= Life During Wartime (novel) =

1987 novel by Lucius Shepard

Life during Wartime is a science fantasy novel written by American author Lucius Shepard. His second novel, it was published by Bantam Books in 1987, in which year it was nominated for the Philip K Dick Award. In 1990, it won the Kurd-Laßwitz-Preis for Foreign Work.

==Plot summary==
David Mingolla is an artillery specialist in the United States Army serving in a near-future Central American war (references are made to then-future "Afghanistan in '89" and a nuclear weapon that destroyed Tel Aviv). As his unit serves in "Free Occupied Guatemala", Mingolla goes on leave and meets a woman named Debora in a cantina. They gradually become lovers; however, as they get close to each other, Mingolla feels intense mental pain later identified as a psychic probing his mind.

Soon after this, Mingolla is recruited into the Psicorps, an elite group of psychics the United States has assembled to counter the Soviet Union's own. Debora, a veteran of the revolt that led to American intervention in the first place, is designated his target. On his way through Psicorps training to refine his mental abilities, Mingolla learns that this front of the ongoing Cold War, as well as the war itself, is a manipulation by two Panamanian families, the Madradonas and the Sotomayors, over three centuries to increase psychic potential in humanity as well as their own genetic diversity.

Mingolla and Debora meet and part several times before their meeting with the Madradonas and Sotomayors in Darién, Panama and become embroiled with the members of Mingolla's former squad in a firefight which culminates in the nuclear destruction of Panama City. David and Debora leave the city and their former friends and antagonists behind them, deciding that ultimately what matters is their love for one another, the only item that has not been blatantly manipulated.

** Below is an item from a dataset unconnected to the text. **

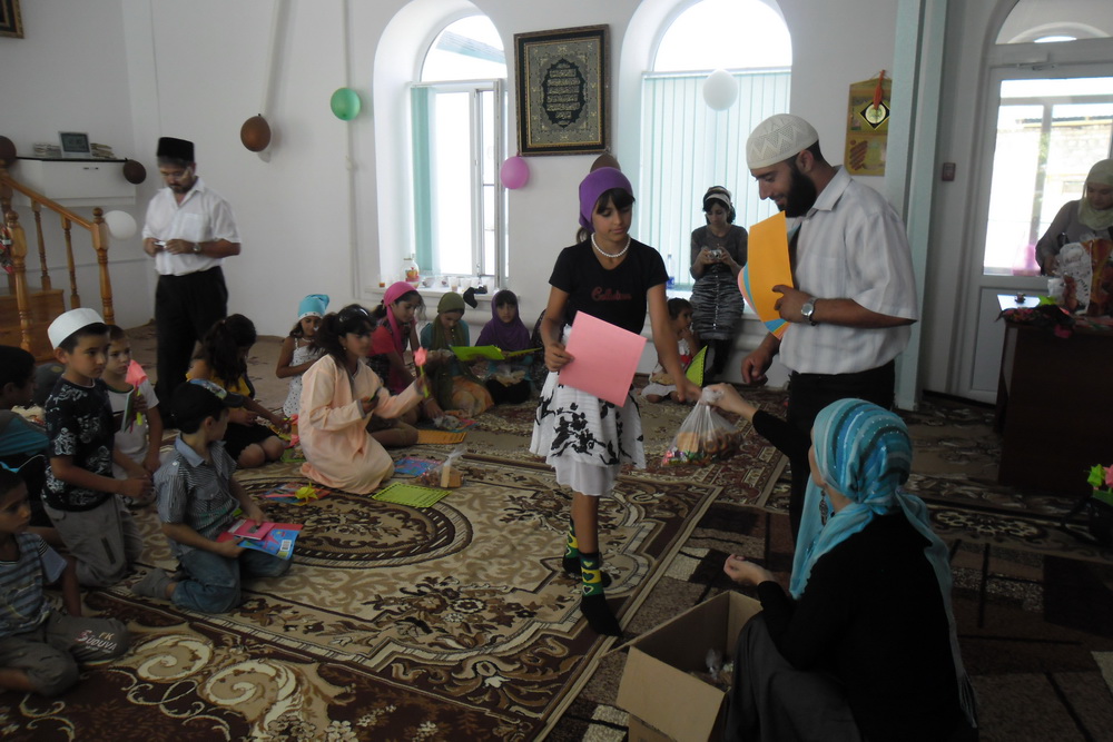 В этот день организаторы устроили для детей настоящий праздник. Сначала запестрела территория перед  мечетью — ребята, вооружившись цветными мелками, создавали яркие рисунки на асфальте. Затем дети стали гостями и самой мечети.

The fictional work excerpted several times in the novel, Juan Pastorín's short story collection The Fictive Boarding House, gives clues to the nature of the novel and Mingolla's experiences himself in a type of foreshadowing. The lyrics of Prowler heard or sung or thought among members of Mingolla's unit which bookend Life during Wartime serve this function as well. As a nod to science fiction author Philip K. Dick's work, the text itself does not present a clear or objective account of what truly happened to Mingolla or what was hallucination on his part. (At one point on Mingolla's journey, an AI combining a downed Sikorsky helicopter and a long-range guided missile imparts "revelation" to him.) PsiCorps' intensive drug therapy to hone Mingolla's potential as well as the presence and use of "Sammy" (short for Samurai, an intense stimulant) and Frost, a super-addictive version of cocaine, make the third person point of view essential for this novel.